When a transaction is carried out between the individuals or entities detailed above, it is important to verify that the sale has been made at a market price, so that it can be proved before the Tax Agency in order to avoid corrections or regularizations if it considers that there are discrepancies between the value of the transaction and the market prices.

What obligations do companies have in relation to the application of transfer pricing?

In the event of a transaction between the entities and individuals detailed in the previous section, certain obligations arise for the taxpayers, which are the following:

  • Information obligations. They are subdivided into two:
    • Country-by-country information (Form 231). Related entities or individuals are required to provide country-by-country information in accordance with the provisions of article 14 of the corporate income tax regulations, which expressly states that country-by-country information shall be required from entities that are the controlling entities of a group, when the turnover of all the individuals or entities that form part of the group is at least 750 million euros.
    • Information on related party transactions (form 232). In the event that there are related party transactions, the companies or individuals involved must file form 232 (informative declaration of related party transactions and of transactions and situations related to countries or territories classified as tax havens) to inform the Tax Authorities.

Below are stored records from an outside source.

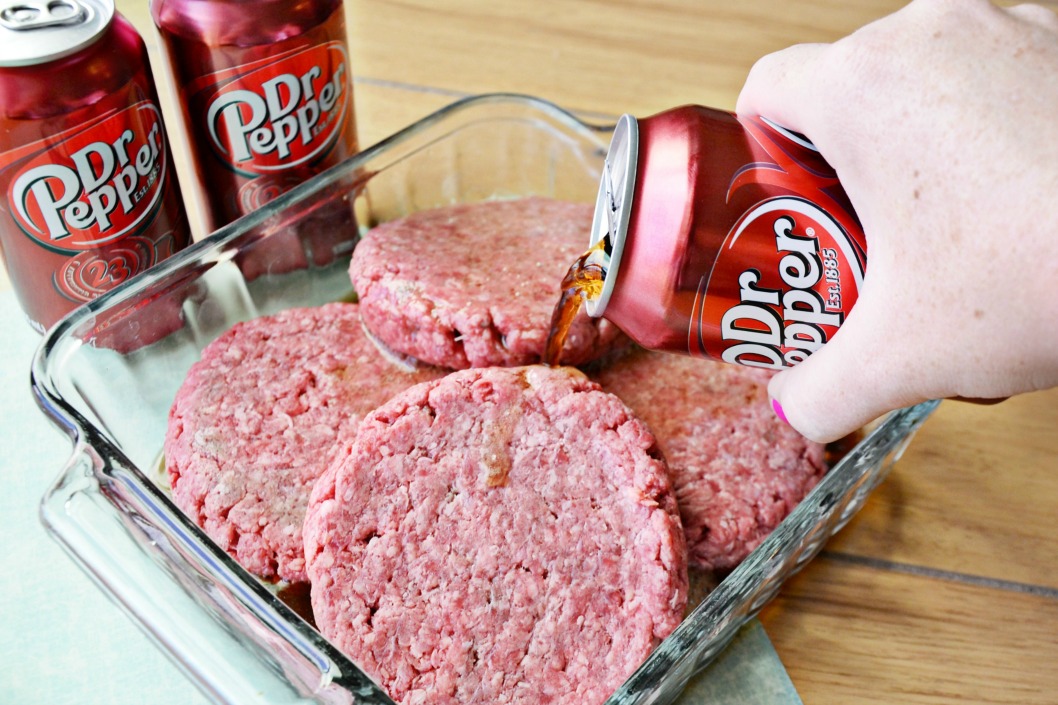 Prepare burgers by marinating overnight in Dr Pepper. Shape hamburger patties and place in glass casserole dish. Then fully cover raw patties in Dr Pepper.
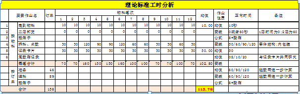 这里面的思路是将每一个步骤的用时采用三种方式来归类:第一类认为是定常时间,就是每次作业时间是固定的。第二类认为可以采用查表法实现;第三类认为是回归公式,在实践中,通常采用Y=A+BX的一次线性公式。
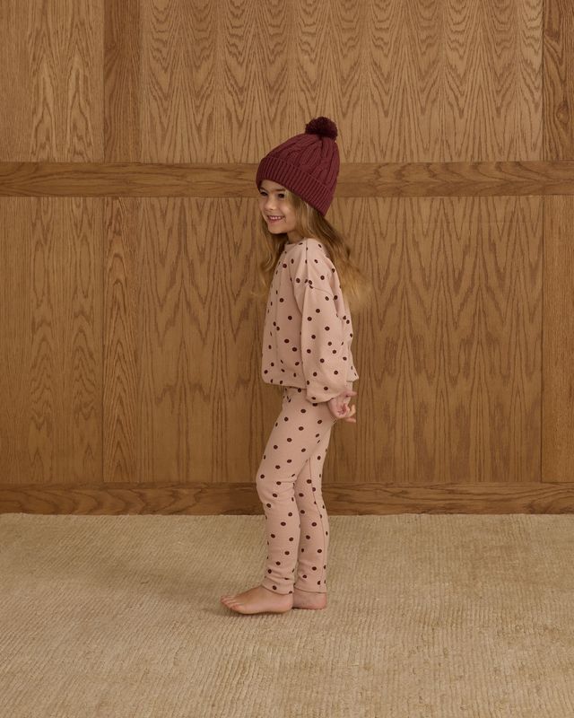Our Spongey Knit Set includes a pullover sweatshirt with balloon sleeves and an elasticized hem, paired with snug leggings featuring an elastic waistband.
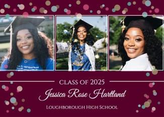 The Polka Decoration template shows playful polka dots against a gentle background. This captures the joy of graduation. Featuring three framed pictures, it highlights the graduate's journey. The prominent "Class of 2025" wording and the graduate's name make their accomplishment noticeable. Ideal for high school, college, or university graduations, this template produces a treasured memento for relatives and friends.
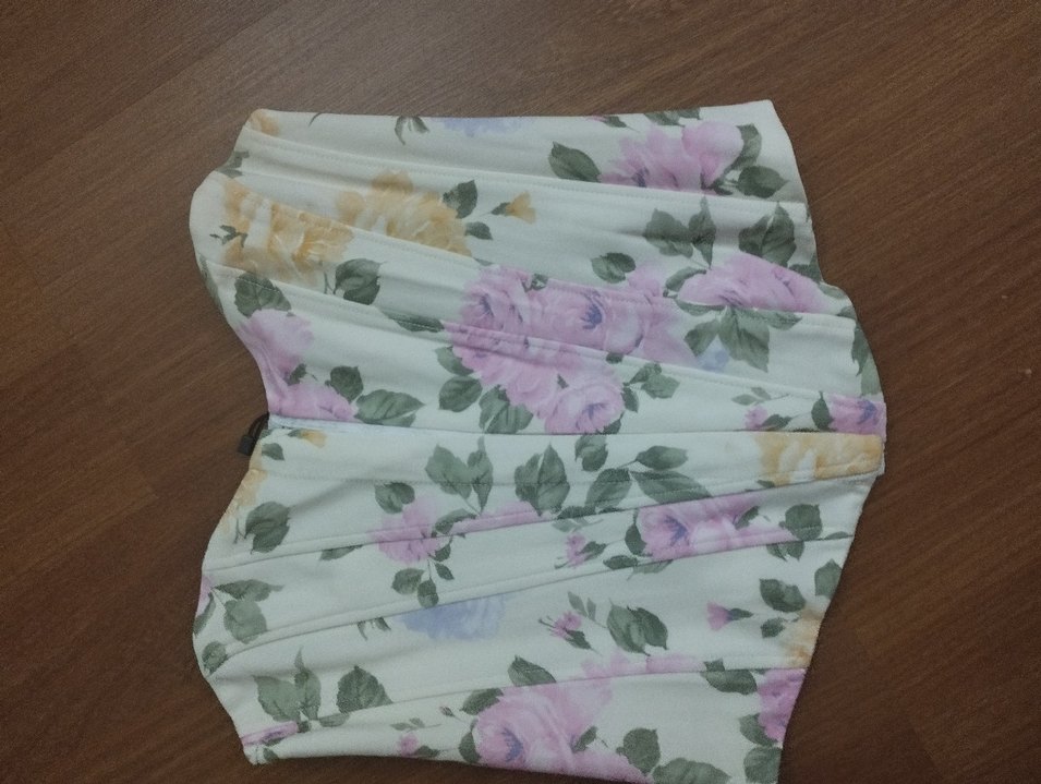 Pastel renklerde çiçek desenli, midi boy, vücuda oturan straplez crop

  • Documentation obligations. The corporate income tax law requires that transactions carried out between related individuals or entities are valued based on a market value. Market value is considered to be the value that would have been agreed upon by independent individuals or entities under conditions of free competition. The documents that must be made available to the tax authorities in order to prove that the transaction has been made on the basis of a market value is subdivided into:
    • Documentation relating to the structure, organization, activities, intangible assets, financial and tax situation of the group, among others. This documentation is mandatory for groups with a net turnover of 45 million euros or more.
    • Taxpayer’s documentation: taxpayer’s information, information on related party transactions and taxpayer’s economic-financial information, in the case of related individuals or entities whose net turnover is equal to or greater than 45 million euros. If the net turnover is lower, simplified documentation will be provided.

As you have seen, transfer pricing regulations involve a series of formal obligations and a thorough knowledge of tax legislation. For this reason, it is essential that, if you are going to carry out an operation of this type, you consult with a tax expert who will advise you in all the processing and information to the Tax Authorities.